» WHAT IS BEING ASKED
You are asked to copy the entire listing exactly, apart from its pictures.

» MATERIAL PROVIDED
● ● ● ●
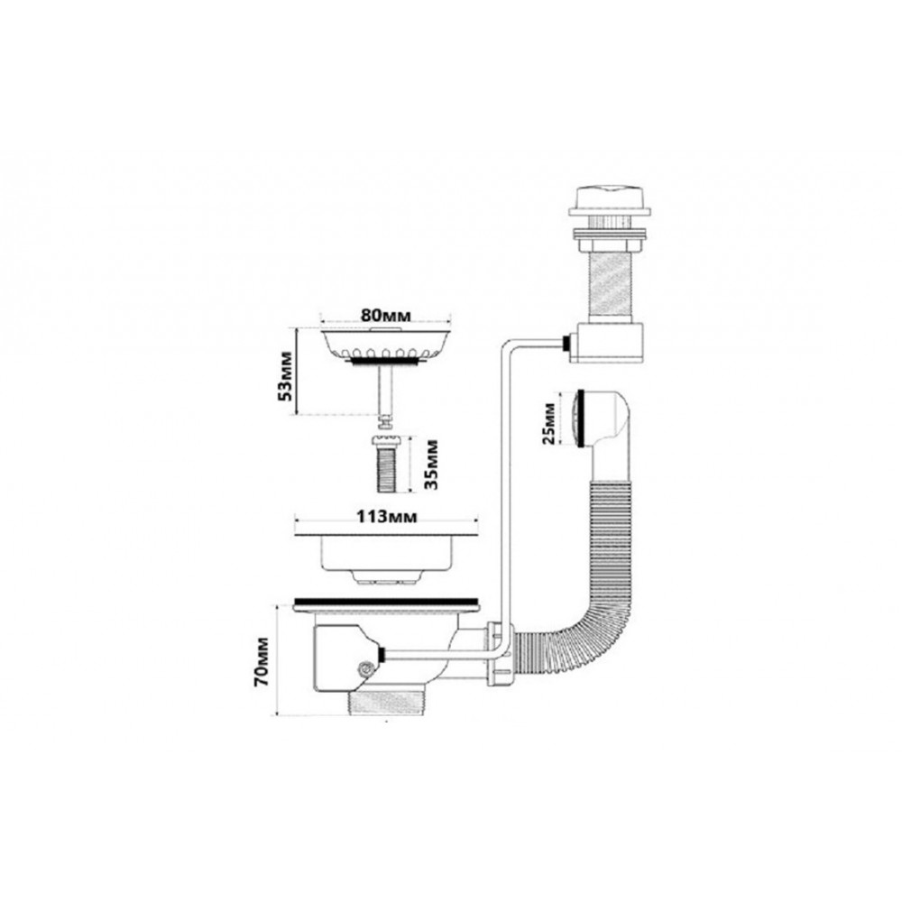 Опис Злив для кухонної мийки-автомат з круглим переливом PUFS113-CP-25 11/2
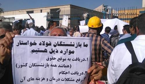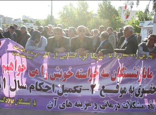 بازنشستگان صنعت فولاد کشور در اعتراض به دریافت نکردن حقوقهای خود صبح دوشنبه 30 فروردین 95 و برای دومین روز متوالی مقابل مجلس شورای اسلامی تجمع کردند.
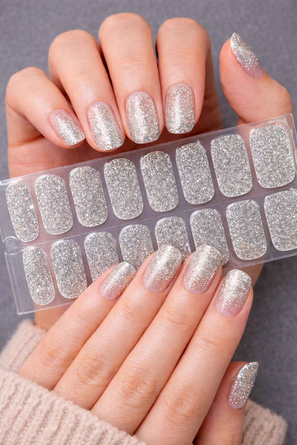 leicht transparente Nagelfolie in Silberglitzer
● ● ● ●
» OUTPUT FOR THIS TASK
 Опис Злив для кухонної мийки-автомат з круглим переливом PUFS113-CP-25 11/2
 بازنشستگان صنعت فولاد کشور در اعتراض به دریافت نکردن حقوقهای خود صبح دوشنبه 30 فروردین 95 و برای دومین روز متوالی مقابل مجلس شورای اسلامی تجمع کردند.
 leicht transparente Nagelfolie in Silberglitzer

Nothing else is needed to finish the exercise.